Monday, April 12, 2021
Education And Training

Beyond cheque book charity: building sustainable social impact programs in Africa


In 2015, countries around the world unanimously adopted the UN Sustainable Development Goals, an ambitious set of objectives that aims to achieve sustainable development for all the world’s citizens. In its latest update, the UN pointed out that transitioning toward more sustainable and resilient societies requires and integrated approach that recognises that our challenges, and their solutions, are interrelated.

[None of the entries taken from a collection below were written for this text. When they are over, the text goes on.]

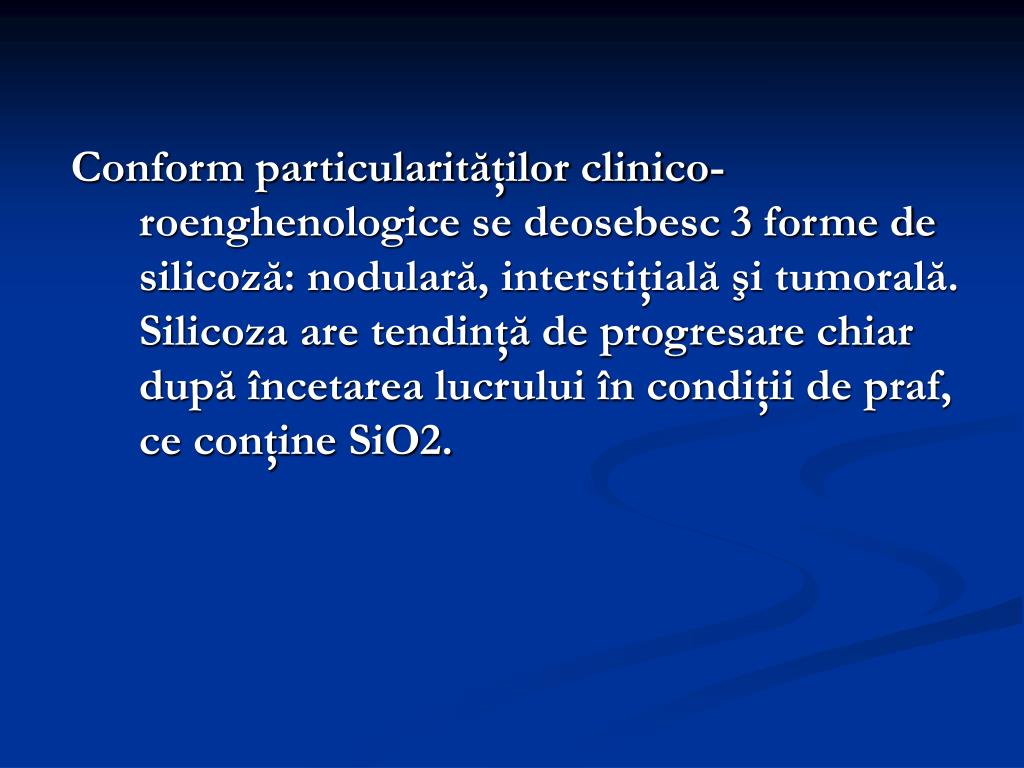 Conform particularităţilor clinico-roenghenologice se deosebesc 3 forme de silicoză: nodulară, interstiţială şi tumorală. Silicoza are tendinţă de progresare chiar după încetarea lucrului în condiţii de praf, ce conţine SiO2.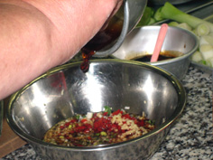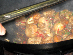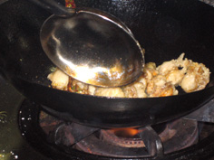 準備しておいた調味料をかけまわし、さっと炒める | |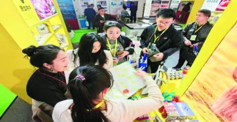 項青本和旦達爾向顧客介紹自家特色產品。譚梅/攝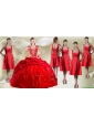 Home >  Quinceanera Dresses >  Quinceaneara Package > Fashionable Beaded and Pick Ups Quinceanera Dress and New Style Square Dama Dresses in Red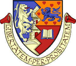 Escutcheon: Tierced in pairle reversed; 1st, per pale dexter bendy of six Or and Azure within a bordure Gules; sinister Argent, an antique crown in chief Gules and a martlet in base Azure, on a chief of the last three fleurs-de-lys Or; 2nd, Argent, a lion passant guardant Gules, imperially crowned Or; 3rd, Vert, an escallop Or; and over all upon a chief Or three open books Proper, binding and fore-edges Azure. | |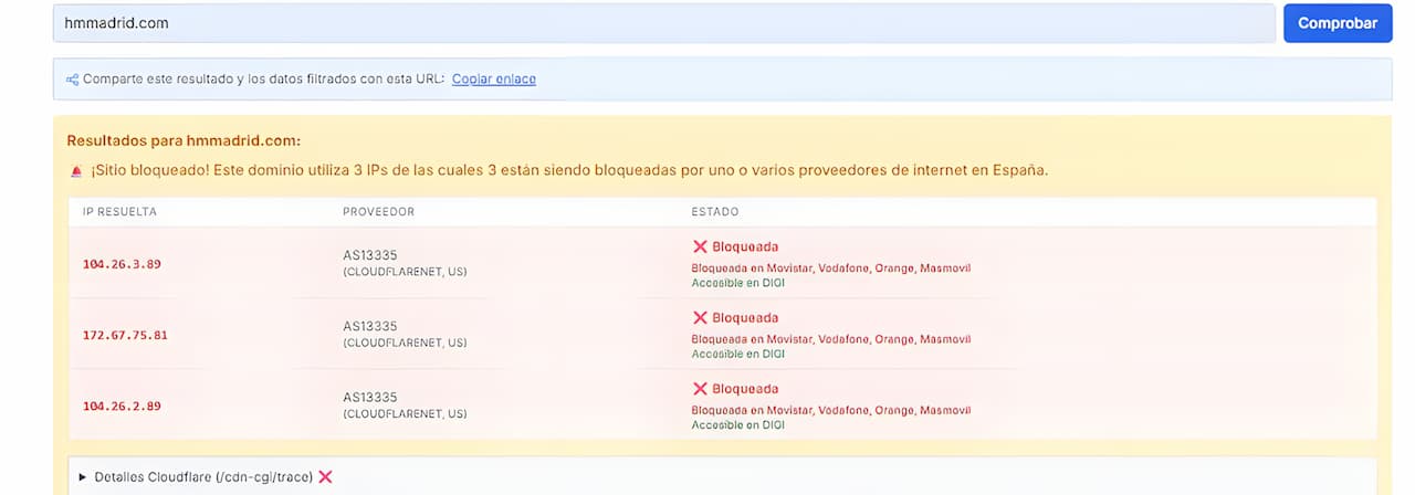 Esta web se utiliza desde hace meses para realizar una comprobación rápida de los bloqueos que pueden estar activos en cada momento. En el caso de la página del hospital, el informe de la web refleja que, en esa franja de tiempo, se encontraba bloqueada por Movistar, Orange, MásMóvil y Vodafone.
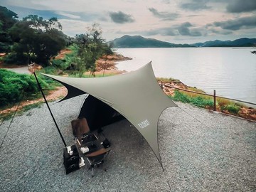 OUTDOORONE 星映速搭客廳帳 一按就開,戶外彈開式中型炊事帳(不含4面圍布)輕鬆撐起你的戶外小天地 三段式高度加大空間設計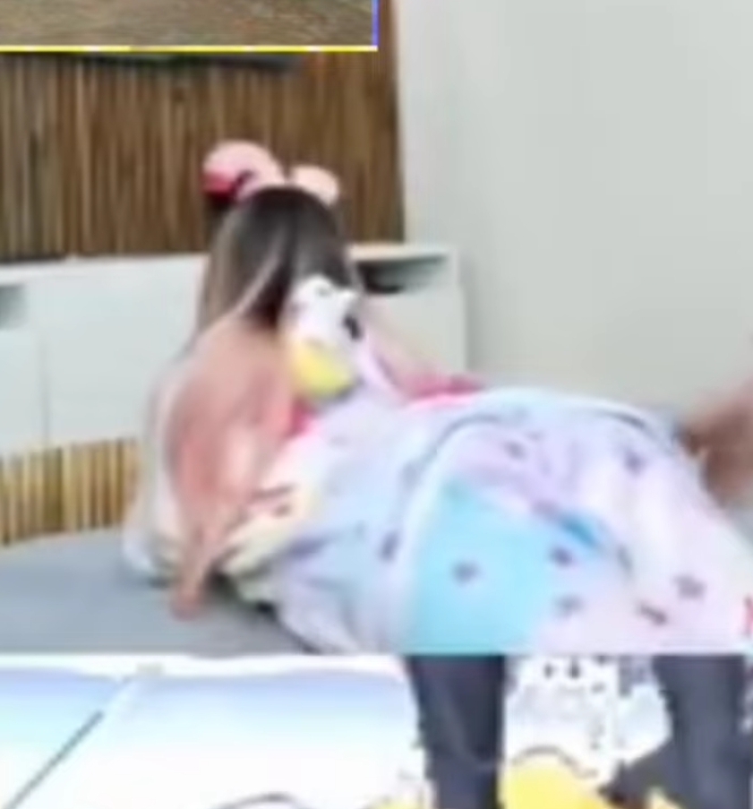 Seorang wanita yang dinobatkan sebagai Putri Pubg lagi asyik berbari dengan posisi tengkurap.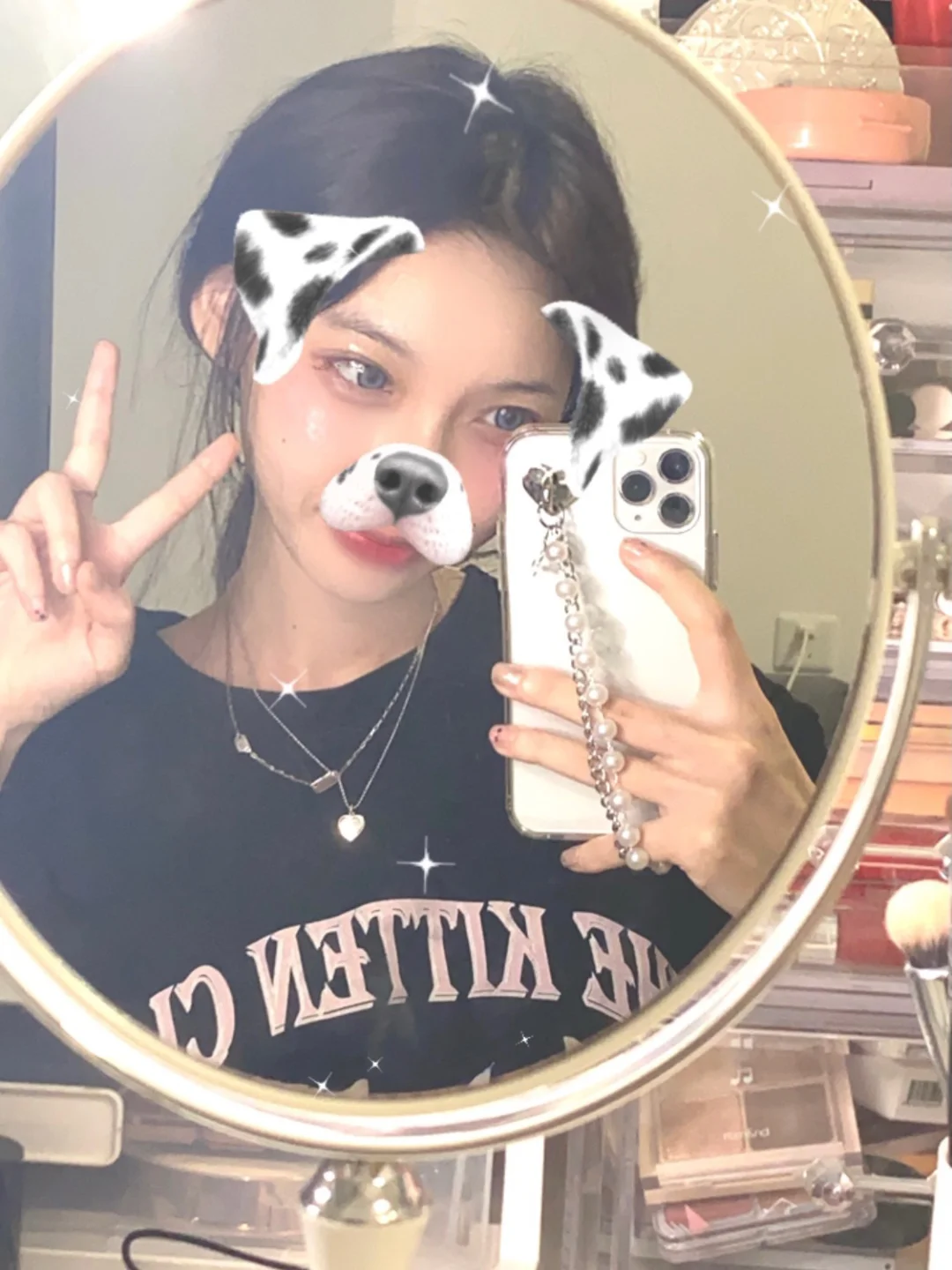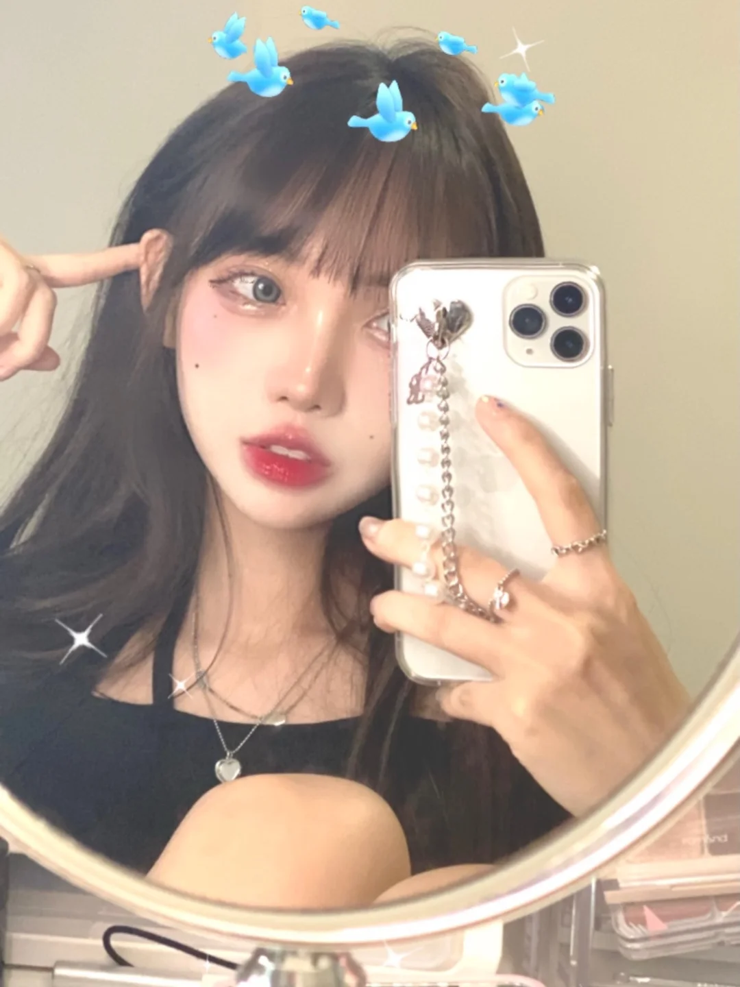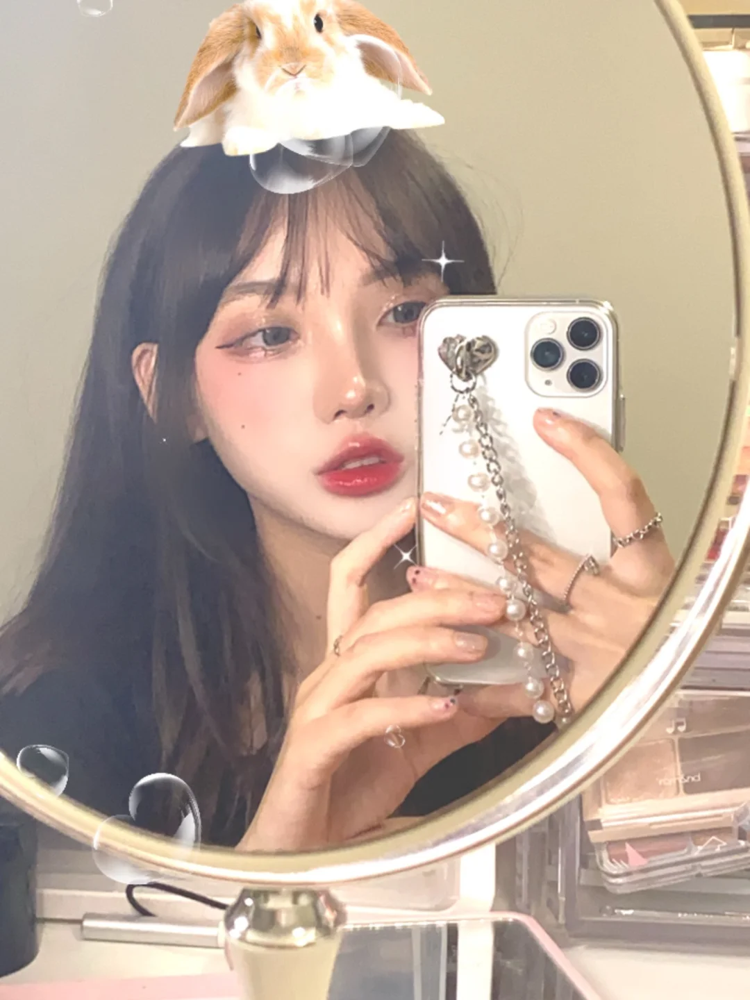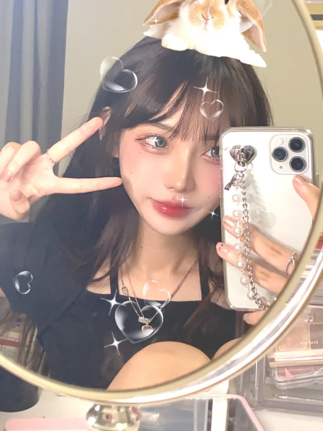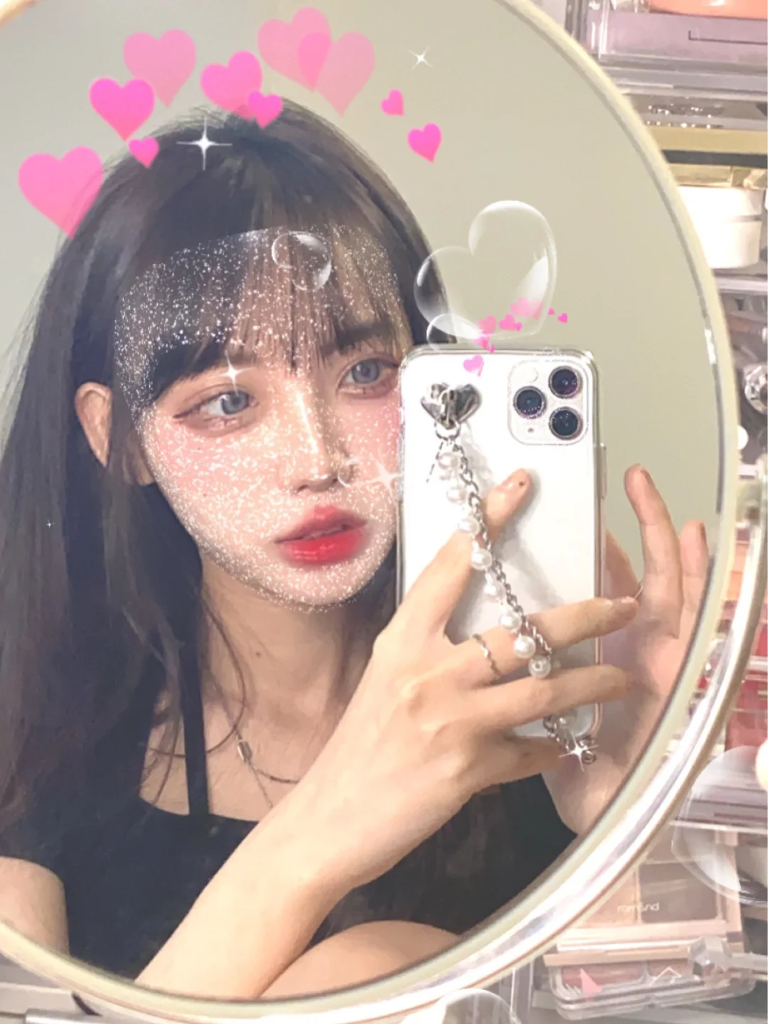 💞准备一些拍照道具,新买了一个椭圆化妆镜,好看的手机壳壳,戴上小配饰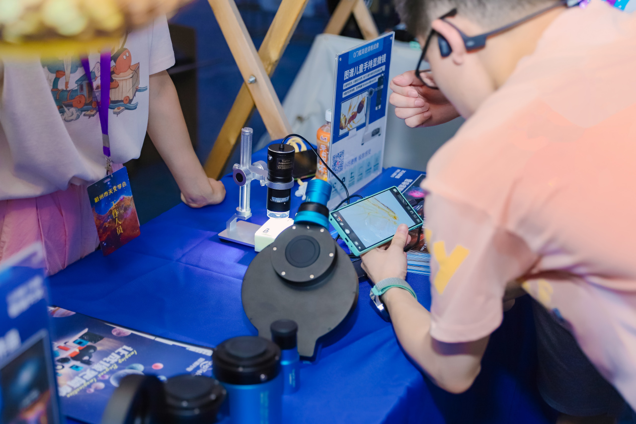 除了天文产品,图谱天文团队还特别展示了一款适用于显微观测的手持桌面显微镜PUM08300PKA。这款显微镜让现场的观众们得以近距离观察细胞切片的微观世界,领略生命的奥秘,让微观世界不再遥远。
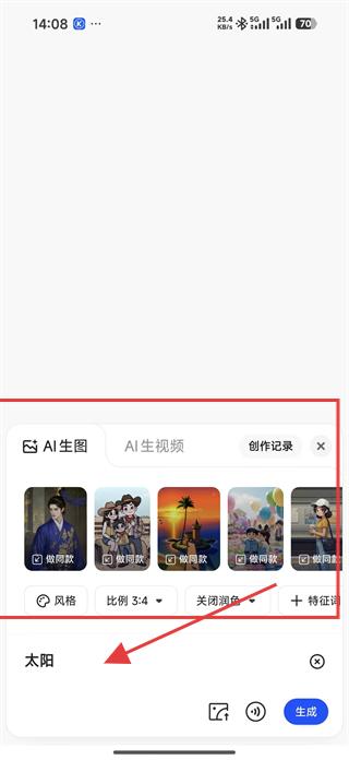 2、進入AI生圖頁面,在輸入框輸入創(chuàng)作主題,如太陽,還可選擇風(fēng)格、比例等參數(shù),設(shè)置完成后點擊生成按鈕。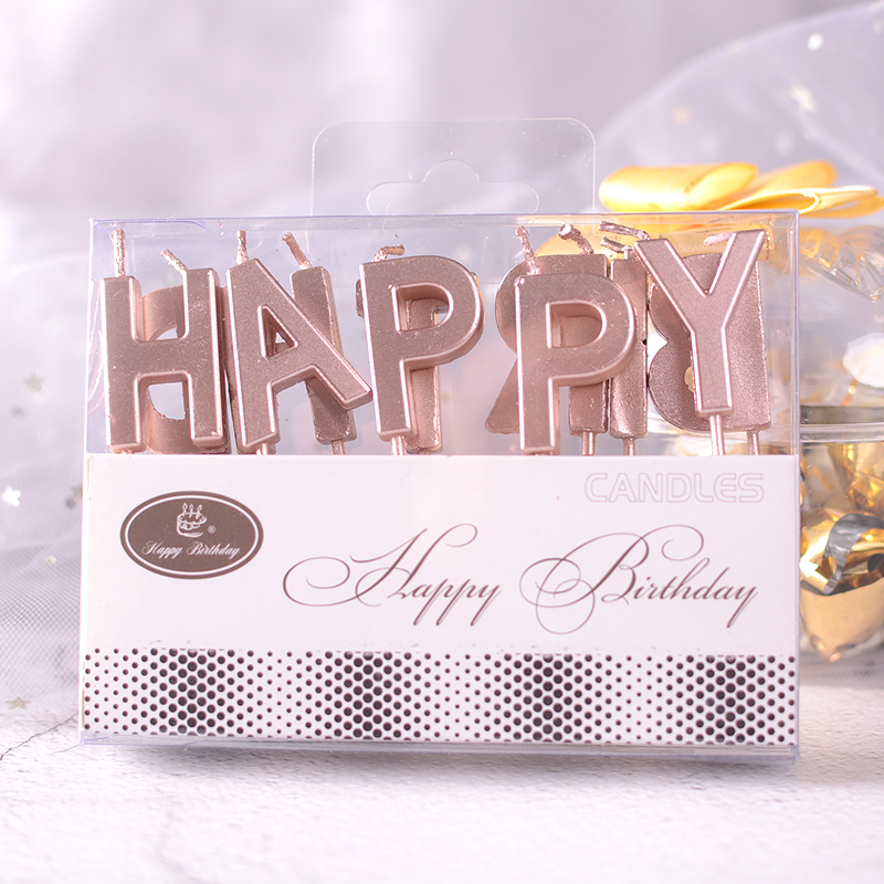 Metal birthday letter candle happy birthday gold and silver rose gold birthday candle baking supplies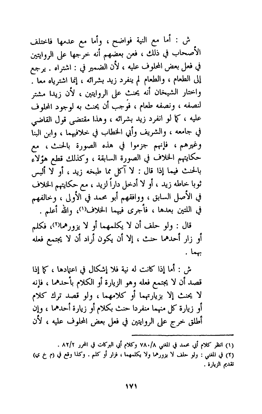 ش: أما إذا كانت له نية فلا إشكال في اعتمادها، كما إذا قصد أن لا يجتمع فعله وهو الزيارة أو الكلام بأحدهما، فإنه لا يحنث إلا بزيارتهما أو كلامهما، ولو قصد ترك كلام أو زيارة كل منهما منفردا حنث بكلام أو زيارة أحدهما، وإن أطلق خرج على الروايتين في فعل بعض المحلوف عليه، لأن

For leading global enterprise software solutions provider SAP, driving meaningful social impact requires a combination of digital skills, technology, expertise and a network of local on-the-ground partners.

“Our focus is on driving lasting change through providing recurring, active on-the-ground support by experienced business leaders, technology experts and a network of high-caliber local partners,” says Cathy Smith, Managing Director at SAP Africa, whose corporate social responsibility programs are guided by, amongst other inputs, the UN Sustainable Development Goals. “For the last 3 years, our CSR efforts are focused on powering opportunity through digital inclusion with three priority areas: powering a digitally literate generation by inspiring enthusiasm and passion for technology and its ability to transform lives; accelerating the best-run NGOs and social enterprises by providing SAP’s global expertise and financial support; and connecting our employees to purpose by unlocking our internal wealth of expertise to promote positive change in underserved areas of society.”

A core program that SAP has been driving in South Africa since 2012 is the SAP Social Sabbatical, a portfolio of pro-bono volunteering programs that places SAP employees in highly diverse teams to dedicate their skills, expertise and know-how in a unique, short-term assignment to solve concrete business challenges for organisations. Since 2012 SAP has supported 20 local NGOs and social enterprises in South Africa with over 70 of the company’s top talents and executives contributing pro-bono consulting to the value of $1.2million.

Four key partners driving social impact

This year, a team of global SAP executives will contribute skills, expertise and time in support of a range of organisations and initiatives all linked to the higher purpose of enabling and supporting positive social change. The 2018 Executive Social Sabbatical program involves four strategic partners that each drive sustainable social impact, namely:

Black Umbrellas, an enterprise and supplier development incubation organisation partnering with the private sector, government and civil society to address the low levels of entrepreneurship and high failure rate of 100% black owned emerging businesses in the African continent;
Livity Africa, a social enterprise based on Livity UK, the UK’s first socially responsible marketing agency, that focuses on the digital economy and the new careers and business models that present unique opportunities to offer livelihoods to young people;
Riversands Incubation Hub, a registered non-profit company established with the vision of a South African economy growing through increasing numbers of successful small businesses whose ownership reflects South Africa’s population demographics, thereby creating jobs and economic opportunity for all; and
New Leaders Foundation (NLF), a not-for-profit advisory and implementation company with high caliber professionals who serve the government, the private sector and civil society organisations to drive sustainable change in education in South Africa. One of NLF’s key programs is the Data Driven Districts program, an online data analysis tool that allows schools across SA to input learner data around attendance, pass rates etc. This data, which includes information for 9.5 million of the country’s 12 million primary and middle school learners, is ultimately used by the district and school leadership to enable better decision-making by the education system.

“Our partnership with these four organisations enables our global executive team and volunteers to make positive lasting contributions to key programs and initiatives that drive social impact where it matters most,” says Smith. “We take a long-term view of our partnerships: achieving the ambitions of the UN’s Sustainable Development Goals will take far more than once-off CSR projects. Instead, it is the sustained skills, technology and financial support that our organisation contributes and the daily on-the-ground activities of our partners that will transform underserved communities and make a lasting positive impact on local communities, businesses, and economies.”

According to Black Umbrellas CEO Seapei Mafoyane, the support and involvement of corporate partners such as SAP equips their organisation with critical skills that can enable it to better support the advancement of black entrepreneurs and small business development. “South Africa has one of the lowest levels of entrepreneurship in the world, contributing 35% of GDP compared to 60% in other Brics countries such as India and Brazil. Our partners in civil society, the private sector and government all make critical contributions to ensure we can provide the correct resources, skills development, mentoring and access to markets to achieve economic and social change by creating sustainable programs to harness and strengthen Africa’s black entrepreneurial spirit.”